● Instructions to follow
Skip pictures in the listing below; copy exactly the lines from the one with "じゃなきゃ今後のクロニクルアニメに全く期待できなくなる" through the one with "Une assise et", inclusive.

● Excerpted records
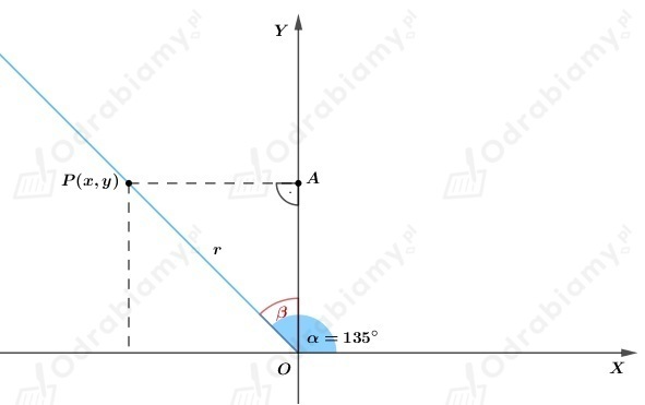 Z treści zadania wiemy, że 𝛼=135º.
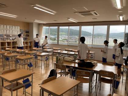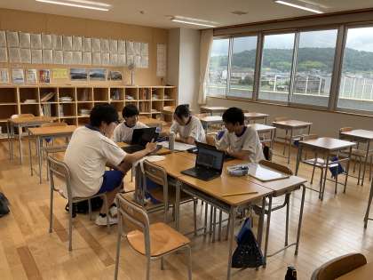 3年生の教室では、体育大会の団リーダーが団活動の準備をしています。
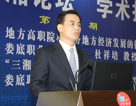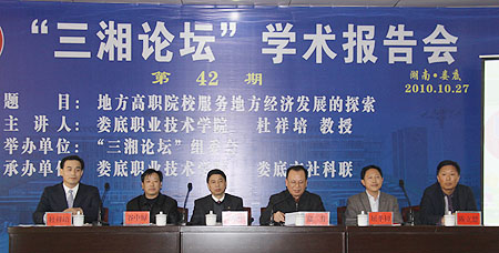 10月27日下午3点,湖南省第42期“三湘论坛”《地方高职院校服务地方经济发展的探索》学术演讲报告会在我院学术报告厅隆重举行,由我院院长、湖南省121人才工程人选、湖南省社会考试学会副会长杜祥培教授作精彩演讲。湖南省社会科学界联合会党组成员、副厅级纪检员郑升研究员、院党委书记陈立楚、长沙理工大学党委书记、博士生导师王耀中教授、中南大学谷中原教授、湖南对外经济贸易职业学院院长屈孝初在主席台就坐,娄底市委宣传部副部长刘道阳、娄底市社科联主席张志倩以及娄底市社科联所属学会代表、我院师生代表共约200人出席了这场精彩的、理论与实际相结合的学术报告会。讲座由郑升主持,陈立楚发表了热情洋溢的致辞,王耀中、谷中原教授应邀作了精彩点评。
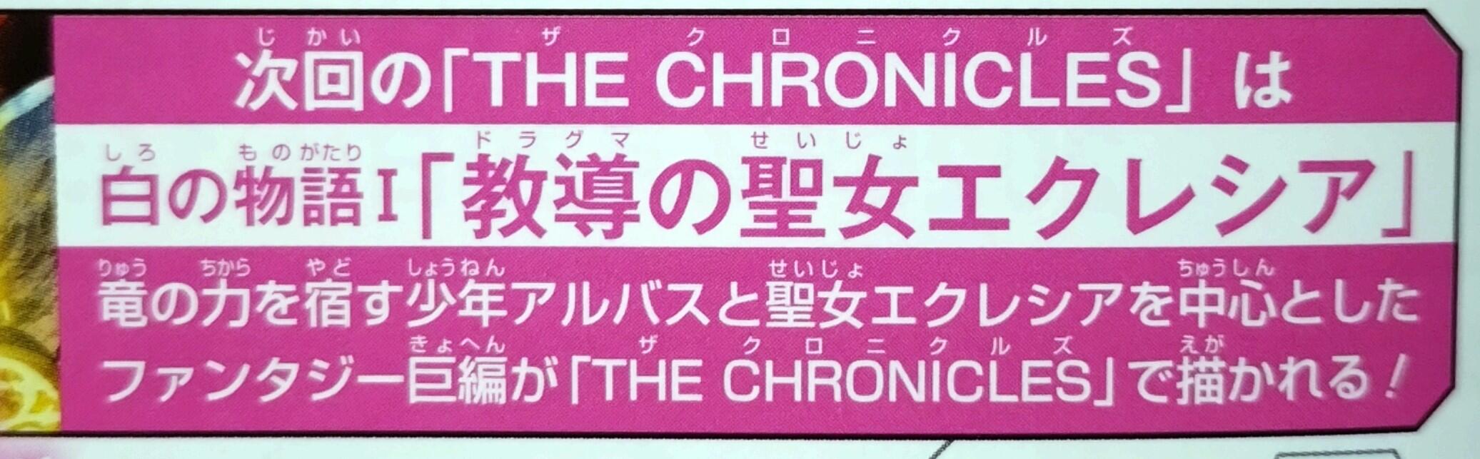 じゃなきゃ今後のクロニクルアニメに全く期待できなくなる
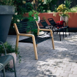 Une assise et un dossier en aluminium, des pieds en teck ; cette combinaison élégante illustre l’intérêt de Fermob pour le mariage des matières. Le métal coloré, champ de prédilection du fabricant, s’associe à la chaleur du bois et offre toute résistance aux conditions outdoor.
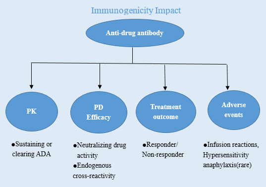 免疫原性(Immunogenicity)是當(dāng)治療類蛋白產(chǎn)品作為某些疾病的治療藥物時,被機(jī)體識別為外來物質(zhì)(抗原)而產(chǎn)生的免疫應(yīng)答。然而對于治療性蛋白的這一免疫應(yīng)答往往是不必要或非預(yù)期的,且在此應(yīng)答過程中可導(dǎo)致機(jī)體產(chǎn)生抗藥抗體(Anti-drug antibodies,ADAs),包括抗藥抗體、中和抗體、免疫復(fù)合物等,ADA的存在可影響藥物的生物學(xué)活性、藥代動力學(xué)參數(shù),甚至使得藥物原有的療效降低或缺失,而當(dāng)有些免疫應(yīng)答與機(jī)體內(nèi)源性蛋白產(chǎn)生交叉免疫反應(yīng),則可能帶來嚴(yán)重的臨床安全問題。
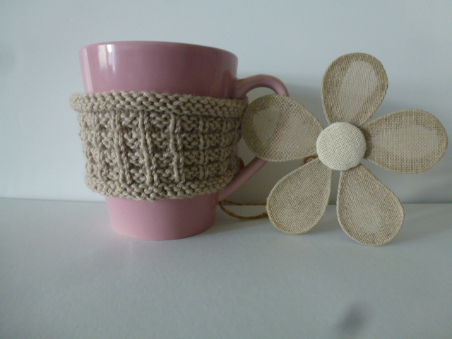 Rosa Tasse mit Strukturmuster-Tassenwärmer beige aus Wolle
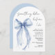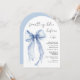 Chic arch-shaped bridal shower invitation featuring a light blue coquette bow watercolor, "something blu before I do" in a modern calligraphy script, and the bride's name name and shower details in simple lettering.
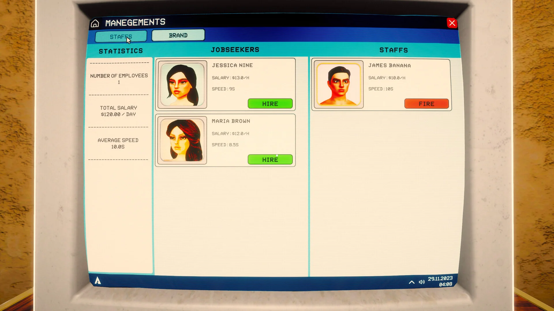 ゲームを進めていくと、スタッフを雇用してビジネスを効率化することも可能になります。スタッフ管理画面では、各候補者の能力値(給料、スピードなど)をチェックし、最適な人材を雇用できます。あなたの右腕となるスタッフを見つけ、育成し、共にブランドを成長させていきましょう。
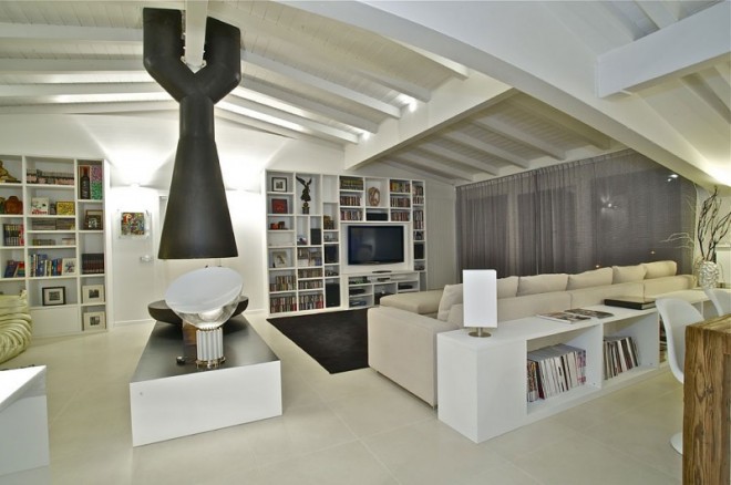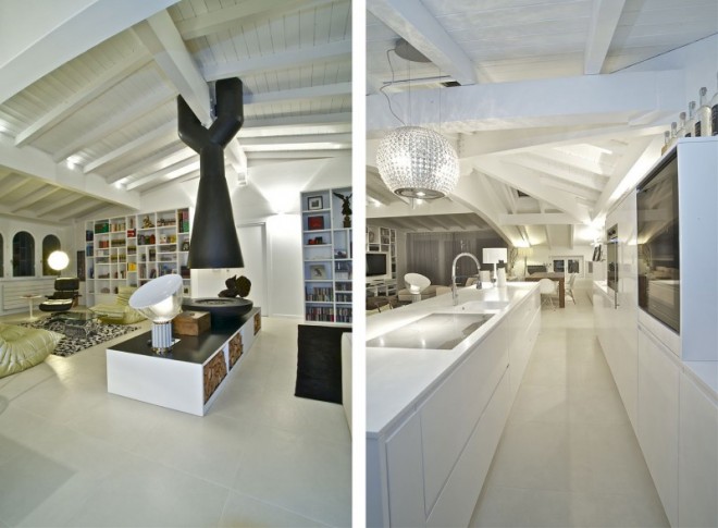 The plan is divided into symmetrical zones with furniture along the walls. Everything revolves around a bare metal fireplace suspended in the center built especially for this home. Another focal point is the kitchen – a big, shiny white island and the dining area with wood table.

==

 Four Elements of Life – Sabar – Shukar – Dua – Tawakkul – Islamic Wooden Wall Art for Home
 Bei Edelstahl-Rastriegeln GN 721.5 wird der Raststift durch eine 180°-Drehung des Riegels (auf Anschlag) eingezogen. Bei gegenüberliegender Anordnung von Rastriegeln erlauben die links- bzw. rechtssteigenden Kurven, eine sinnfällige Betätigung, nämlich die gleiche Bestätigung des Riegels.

==

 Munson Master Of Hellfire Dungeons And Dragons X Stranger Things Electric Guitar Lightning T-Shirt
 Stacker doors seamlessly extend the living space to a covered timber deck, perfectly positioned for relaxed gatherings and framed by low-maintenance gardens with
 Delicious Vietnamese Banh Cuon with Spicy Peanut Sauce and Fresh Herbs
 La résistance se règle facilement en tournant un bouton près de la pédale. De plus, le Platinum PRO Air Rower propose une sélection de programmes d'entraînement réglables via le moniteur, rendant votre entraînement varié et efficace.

● Answer box
 じゃなきゃ今後のクロニクルアニメに全く期待できなくなる
 Une assise et un dossier en aluminium, des pieds en teck ; cette combinaison élégante illustre l’intérêt de Fermob pour le mariage des matières. Le métal coloré, champ de prédilection du fabricant, s’associe à la chaleur du bois et offre toute résistance aux conditions outdoor.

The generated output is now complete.